Provided data START

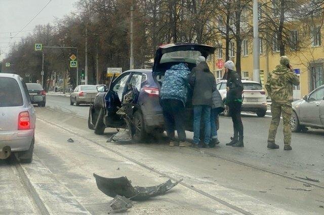 В Новосибирске на трамвайных путях перед ледовым дворцом столкнулись три автомобиля. Подписчики группы «АСТ-54» во «ВКонтакте» сообщили о столкновении трех машин в субботу, 29 октября, на трамвайных путях перед ледовым дворцом на улице Богдана Хмельницкого. Возле дома №22 на улице Богдана Хмельницкого столкнулись Nissan Quashqai, Opel Astra и Nissan Sunny. Сильный удар Astra в бок кроссовера вызвал у Quashqai срабатывание сразу всех подушек безопасности. Второй Nissan получил повреждения передней части. В результате аварии затруднён проезд транспорта и трамваев. При этом, ситуацию осложняет то, что к ЛДС сейчас стягиваются люди на матч «Сибири». ГИБДД отмечает, что в ДТП нет пострадавших. Ранее Сиб.фм сообщал о массовом ДТП с двумя пострадавшими.
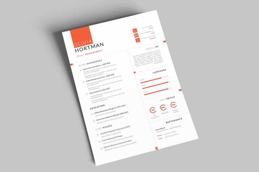 这款简洁、可编辑的简历模板专为希望给人留下自信自信第一印象的专业人士设计,定能给雇主和客户留下深刻印象。无论您是设计师、营销人员、开发人员还是自由职业者,这款简历布局都能在现代美学和专业清晰度之间取得完美平衡。
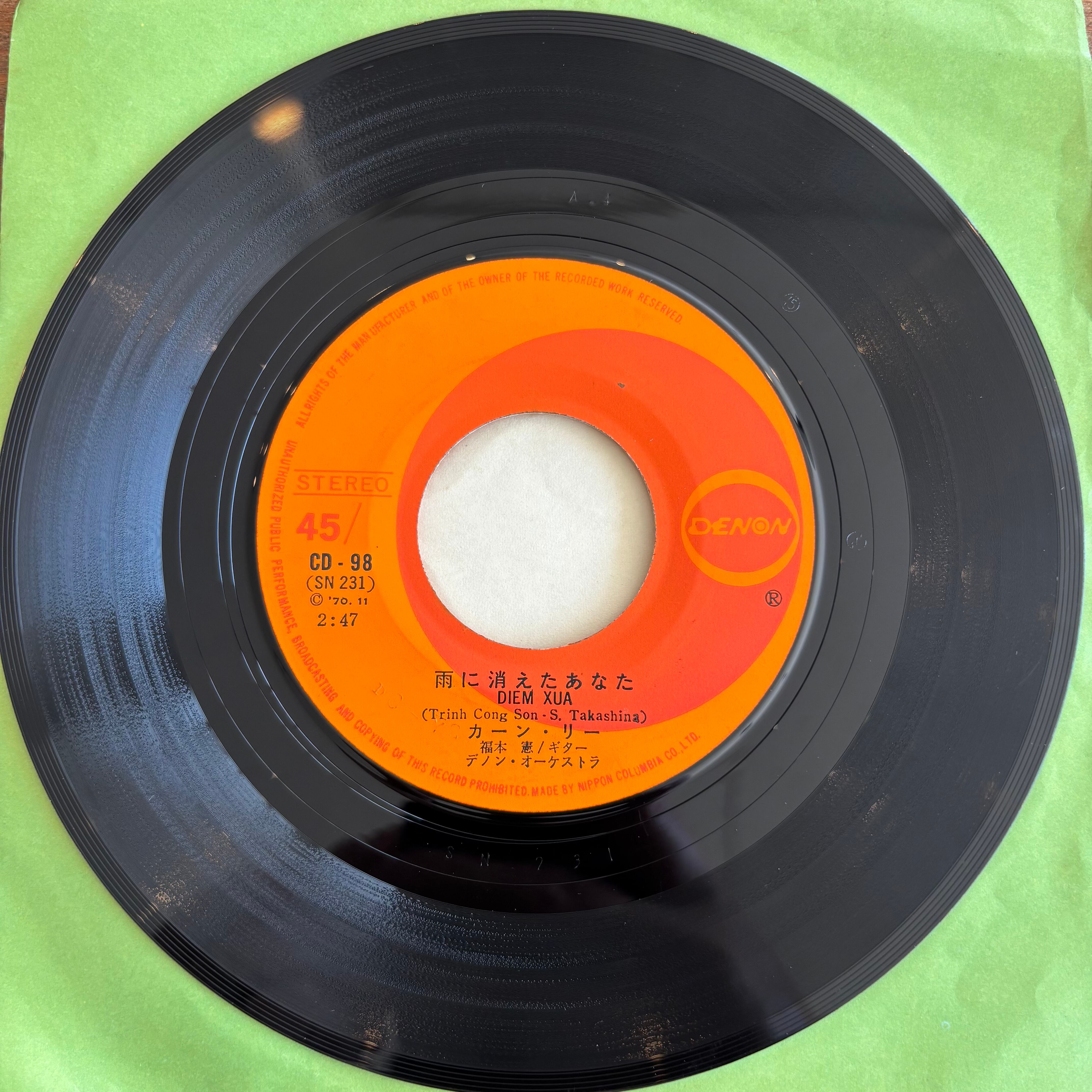 ベトナムの歌手カーン・リーによる日本語歌唱作品。A面は"雨に消えたあなた"、B面にはメロウフォーク"ユエの子守唄"をカップリング。
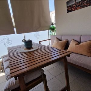 Canapé de jardin 3 places en bois massif et coussins déhoussables taupe L190 cm AKIS

Provided data END

Work to complete:
Each of the lines above should be transcribed exactly; no image is to be copied.

Exercise answer:
 В Новосибирске на трамвайных путях перед ледовым дворцом столкнулись три автомобиля. Подписчики группы «АСТ-54» во «ВКонтакте» сообщили о столкновении трех машин в субботу, 29 октября, на трамвайных путях перед ледовым дворцом на улице Богдана Хмельницкого. Возле дома №22 на улице Богдана Хмельницкого столкнулись Nissan Quashqai, Opel Astra и Nissan Sunny. Сильный удар Astra в бок кроссовера вызвал у Quashqai срабатывание сразу всех подушек безопасности. Второй Nissan получил повреждения передней части. В результате аварии затруднён проезд транспорта и трамваев. При этом, ситуацию осложняет то, что к ЛДС сейчас стягиваются люди на матч «Сибири». ГИБДД отмечает, что в ДТП нет пострадавших. Ранее Сиб.фм сообщал о массовом ДТП с двумя пострадавшими.
 这款简洁、可编辑的简历模板专为希望给人留下自信自信第一印象的专业人士设计,定能给雇主和客户留下深刻印象。无论您是设计师、营销人员、开发人员还是自由职业者,这款简历布局都能在现代美学和专业清晰度之间取得完美平衡。
 ベトナムの歌手カーン・リーによる日本語歌唱作品。A面は"雨に消えたあなた"、B面にはメロウフォーク"ユエの子守唄"をカップリング。
 Canapé de jardin 3 places en bois massif et coussins déhoussables taupe L190 cm AKIS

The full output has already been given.